Remember upstart Dell demolishing IBM's market share in computers? Remember upstart Walt Disney inventing the feature length cartoon and turning out the highest grossing movie ever with Snow White and the Seven Dwarfs, when nobody in Hollywood would dare try to make a full length feature cartoon? He did the same with the reinvention of the amusement part and was laughed at when he said he was going to build Disneyland and charge admission. It was unheard of at the time. There is no shortage of stories about paradigm shifters, and I find them fascinating.

I recently came across a story about ex-Beatle Paul McCartney. The man who signed The Beatles to a recording contract after they were turned down by every major recording company in England was their eventual record producer, George Martin.

Writing in his 1979 memoirs "All You Need Is Ears," George Martin talks about how in his opinion, both John Lennon and Paul McCartney's lack of formal musical training played a major part in their success as a song writers and composers. With regards to Paul, he writes:

"I think that if Paul, for instance, had learned music 'properly' -- not just the piano, but correct notation for writing and reading music, all the harmony and counterpoint that I had to go through, and techniques of orchestration -- it might well have inhibited him. He thought so too. (And after all, why should he bother, when he had someone around who could do it for him?) Once you start being taught things, your mind is channelled in a particular way. Paul didn't have that channelling, so he had freedom, and could think of things that I would have considered outrageous. I could admire them, but my musical training would have prevented me from thinking of them myself. I think, too, that the ability to write good tunes often comes when someone is not fettered by the rules and regulations of harmony and counterpoint. A tune is a one-fingered thing, something that you can whistle in the street; it doesn't depend on great harmonies. The ability to create them is simply a gift." (All You Need Is Ears, P.p. 139-140)
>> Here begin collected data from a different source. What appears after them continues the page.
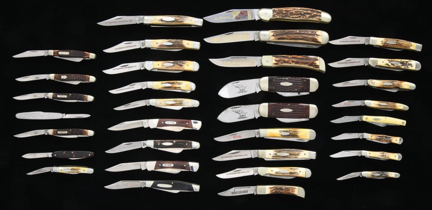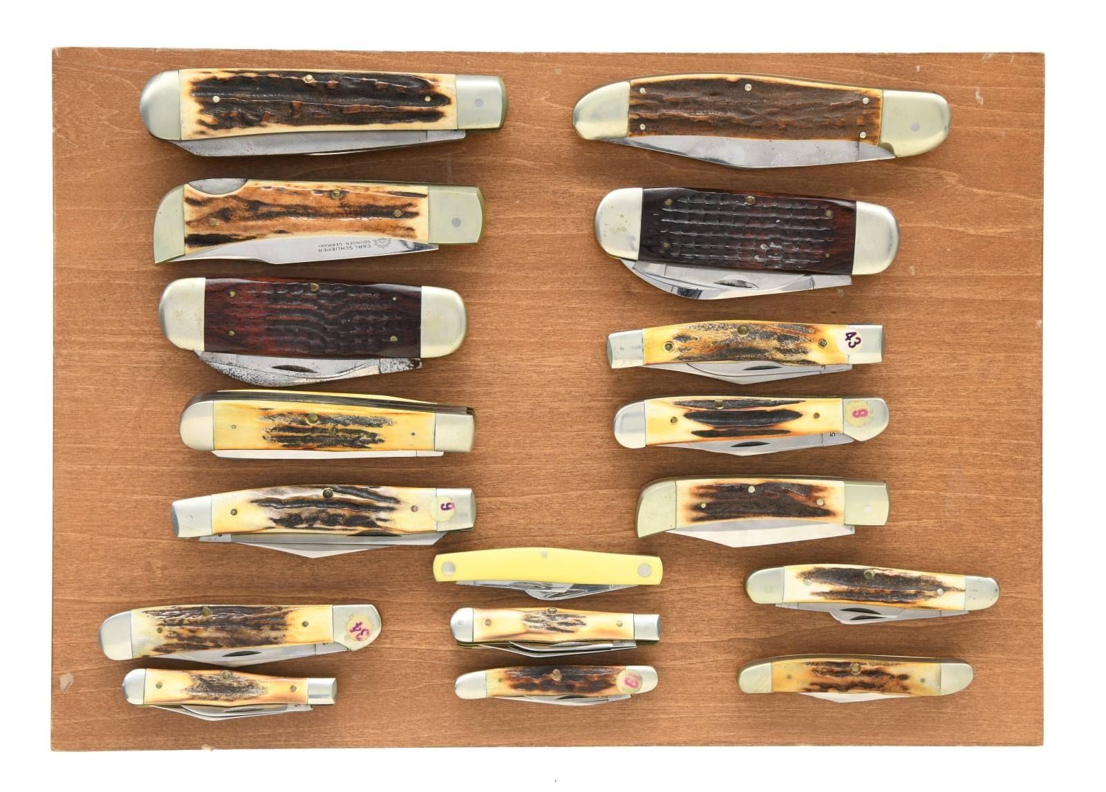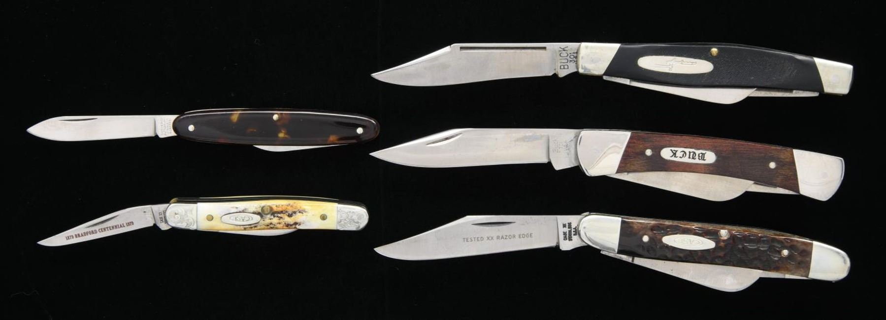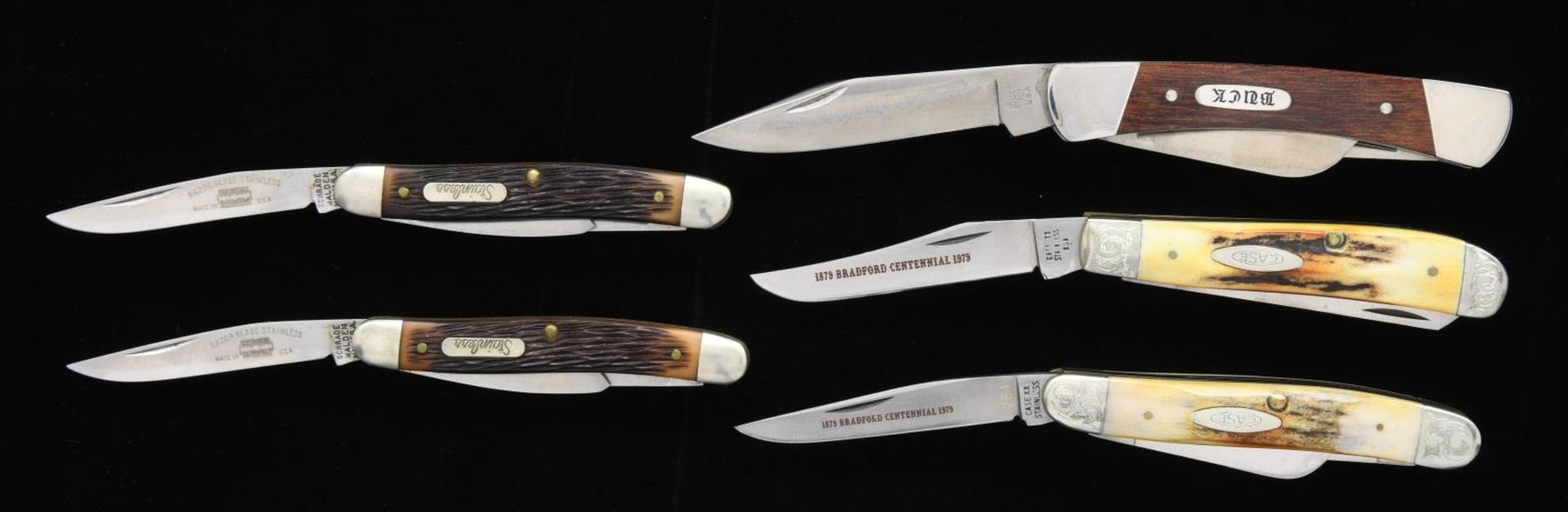 ASSORTED FOLDING KNIVES. 1) First case contains 1 Shrade Old Timer, 2 Buck Model 701s, 3 Shrade Model 855s, an Case XX "1879 BRADFORD CENTENNIAL 1979" marked 6-piece knife set, Buck Model 301, Case XX Model 6347 HP, 1 Victorinox 2-blade folder, 1 C-I-L Explosives 2-blade folder. 2) 1 Case XX Model 5524, 2 Case XX Model 5249s, 1 Case XX Model 5292, 1 Case XX Model 52087, 1 Case XX Model 52027, 2 Case XX Model 6250s, 1 Case XX Bradford Centennial Model 5275SP, 2 Case XX Model 5225 1/2s, 1 Carl Schlieper Native American engraved folder, 1 Carl Schlieper 2-blade folder, 1 Carl Schlieper game scene engraved folder, 1 unbranded German folder, 1 Case XX Bradford Centennial Model 5318 HP, and 1 Case XX Model 33044. CONDITION: knives are good overall, exhibiting varying degrees of wear, age related discoloration, and spots of oxidation overall. PROVENANCE: the Collection of Gun Sport Ltd owned by Jon R. Thomas. (02-20778/MLW). $750-1,500.
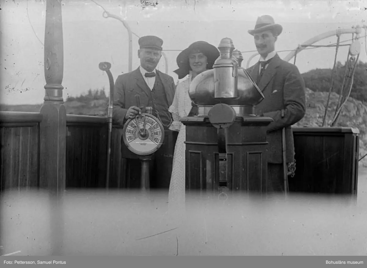Text till bilden: "Herrskap vid maskintelegraf på Ångaren".
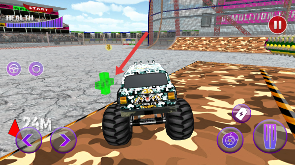 2、在驾驶卡车时,如果血量不健康可以行驶至绿色十字标识处,拾取该道具恢复生命值。
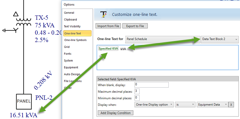 Puede personalizar el texto que aparece en el diagrama-unifilar. Esta personalización se puede exportar y luego importar a otros archivos de diagramas-unifilares. Puede formatear la apariencia del texto para los elementos individuales del equipo y puede especificar las condiciones de visualización que controlan cuando aparece el texto.
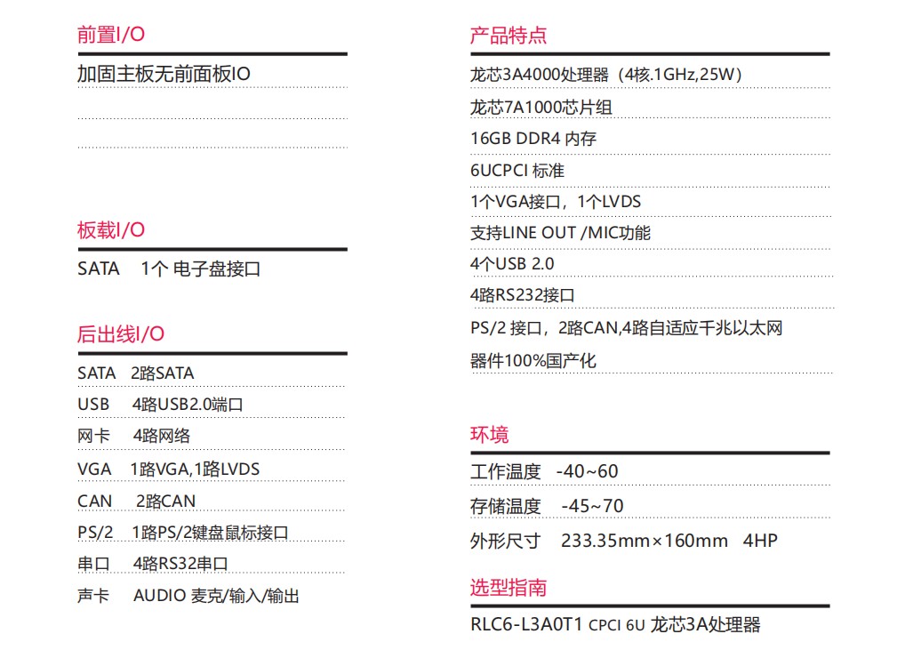 采用國產(chǎn)龍芯3A4000+7A1000處理器設(shè)計,CompactPCI 6U架 構(gòu),符合PICMG2.0 R3.0、PICMG2.16、PICMG2.3標準和海軍標 主板標準。該產(chǎn)品具備優(yōu)越的數(shù)據(jù)處理能力、圖形顯示能力、網(wǎng)絡(luò) 通訊能力、雷達和聲吶等應(yīng)用對高速數(shù)據(jù)傳輸?shù)囊?。專為惡劣環(huán) 境使用而設(shè)計,適用于對實時數(shù)據(jù)處理、通訊、自動化、軍工等領(lǐng) 域。

 George Martin was a classically trained musician with all of the fixings. The Fab Four were self-trained but determined lads who George Martin didn't think were anything too special when he first listened to them, but liked them personally and was looking for a new band for his Parlophone record label. Somehow Paul and John were able to craft catchy pop songs combined with a particular cheeky and likable persona that appealed to the masses. To a great degree, says George Martin, they were able to succeed to the extent that they did because they were outsiders uninhibited by the existing rules of the music business. Whatever seemingly crazy musical idea they had, they would set producer George Martin about the task of figuring out how to achieve it. For example, the Sgt. Pepper's Lonely Hearts Club Band album was recorded by Mr. Martin on four-track tape, and was considered a monumental achievement of music recording at the time, and will always be admired as a breakthrough in recording innovation.

I used to think that producer George Martin was the secret to the Beatles success, but while he played a considerable role in bringing their audible visions to reality, he claims that almost all of the big ideas regarding the content of the music came from "the lads."

While reading about The Beatles recently online, I came across a reference to popular and successful classical composer of the 20th century (who's name I can't recall) who was once asked who the great arrangers of the 20th century were and his first choice was Paul McCartney for his compositional vision of the elements of those great and timeless Beatles songs. Both he and John Lennon, and I suppose all great composers, would compose in his head and play with arrangements until they sounded the way he wanted them to sound, then they would bring their ideas to Mr. Martin, who would help them achieve their vision in the recording studio.